1Institut für Umweltphysik und Fernerkundung, University of Bremen, Bremen, Germany
2Institut für Umweltphysik, University of Heidelberg, Heidelberg, Germany
3Laboratoire de Physique Moléculaire et Applications (LPMA), Université Pierre et Marie Curie, Paris, France
*now at: Jet Propulsion Laboratory (JPL), California Institute of Technology, Pasadena, USA
Abstract. Within the framework of the ENVISAT/-SCIAMACHY satellite validation, solar irradiance spectra are absolutely measured at moderate resolution in the UV/visible spectral range (in the UV from 316.7–418 nm and the visible from 400–652 nm at a full width half maximum resolution of 0.55 nm and 1.48 nm, respectively) from aboard the azimuth-controlled LPMA/DOAS balloon gondola at around 32 km balloon float altitude. After accounting for the atmospheric extinction due to Rayleigh scattering and gaseous absorption (O3, and NO2), the measured solar spectra are compared with previous observations. Our solar irradiance is +1.6% larger than the re-calibrated Kurucz et al. (1984) solar spectrum (Fontenla et al., 1999, called MODTRAN 3.5) in the visible spectral range (435–650 nm), +1.5% larger in the (370–415 nm) wavelength interval, but −4% smaller in the UV spectral range (316.7–370 nm), when the Kurucz spectrum is convolved to the spectral resolution of our instrument. The same comparison with the SOLSPEC solar spectrum (Thuillier et al., 1997, 1998a, b) confirms the somewhat larger solar irradiance (+1.7%) measured by the balloon instrument from 435–500 nm, but not from 500–650 nm, where the SOLSPEC is −1.3% lower than MODTRAN 3.5. Comparison of the SCIAMACHY solar spectrum from channels 1 to 4 (– re-calibrated by the University of Bremen –) with MODTRAN 3.5 indicates an agreement of +0.2% in the visible spectral range (435–585 nm).
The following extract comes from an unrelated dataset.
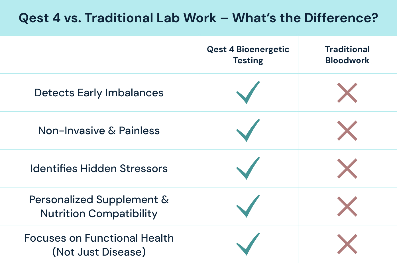 Traditional lab tests are essential for diagnosing disease, but they often miss underlying dysfunction. Qest 4 helps us see imbalances before they turn into long-term health issues, giving you a chance to correct course naturally.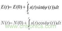 其中,(t)是位移,(t)是航向。在行人步伐間隔期間,假設(shè)速度和航向是常量??紤]到折線(xiàn)法,方程式1可改寫(xiě)成:

With this calibration, the SCIAMACHY solar spectrum is congruent with the balloon observations (−1%) in the 316.7–370 nm wavelength range, but both are up to −5%/−3% smaller than MODTRAN 3.5 and SOLSPEC, respectively. In agreement with findings of Skupin et al. (2002) our study emphasizes that the present ESA SCIAMACHY level 1 calibration is systematically +15% larger in the considered wavelength intervals when compared to all available other solar irradiance measurements.